Wednesday, August 22, 2007

The Problem with Erlang

The problem with Erlang and other functional programming languages is that their designers assume that unreliability is an essential part of complex software systems. Joe Armstrong, the main inventor of Erlang, wrote the following at the beginning of his thesis “Making Reliable Distributed Systems in the Presence of Software Errors”:

How can we program systems which behave in a reasonable manner in the presence of software errors? This is the central question that I hope to answer in this thesis.
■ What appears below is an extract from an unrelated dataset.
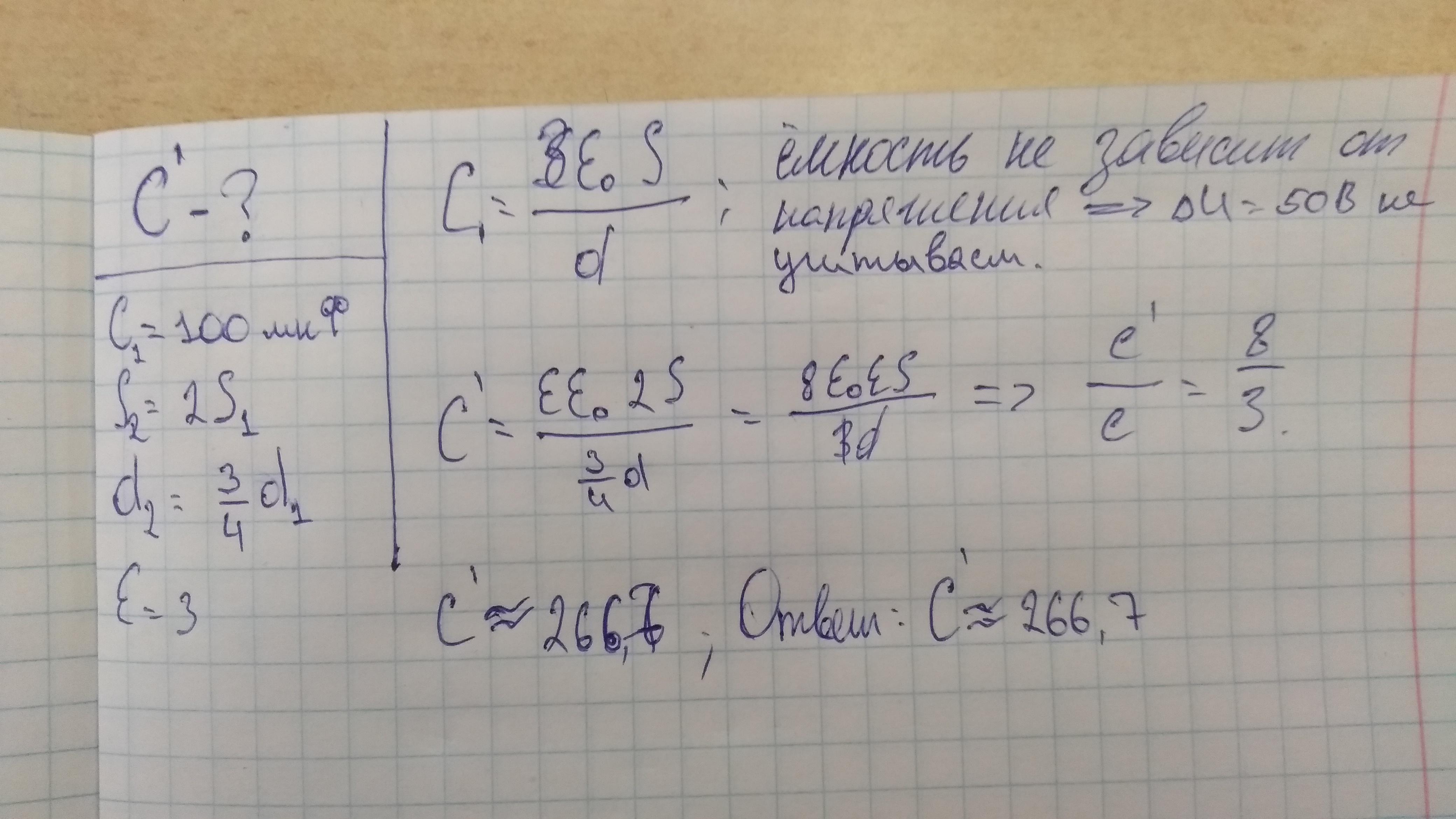 Ёмкость плоского воздушного конденсатора 100 мкФ. Какой станет ёмкость конденсатора, если площадь его пластин увеличить в 2 раза, расстояние между пластинами уменьшить на 25% напряжение, подаваемое на обкладки, увеличить на 50 В? При этом пространство между обкладками заполняется маслом, у которого диэлектрическая проницаемость ε=3

Large systems will probably always be delivered containing a number of errors in the software, nevertheless such systems are expected to behave in a reasonable manner.

I apologize to Joe for using his thesis as an example, but it seems that the entire computer industry has swallowed Fred Brooks’ “No Silver Bullet” arguments regarding the relationship between complexity and reliability, hook, line and sinker. This is very unfortunate because, as I explain on the Silver Bullet page, Brooks’ arguments are fundamentally flawed. The COSA philosophy is that unreliability is not an essential characteristic of complex software systems. As I wrote in a previous article, there are situations where safety or uptime is so critical that not even extreme reliability is good enough. In such cases, unless a program can be guaranteed 100% reliable, it must be considered defective and should not be deployed. Achieving rock-solid reliability in a complex software system is not impossible.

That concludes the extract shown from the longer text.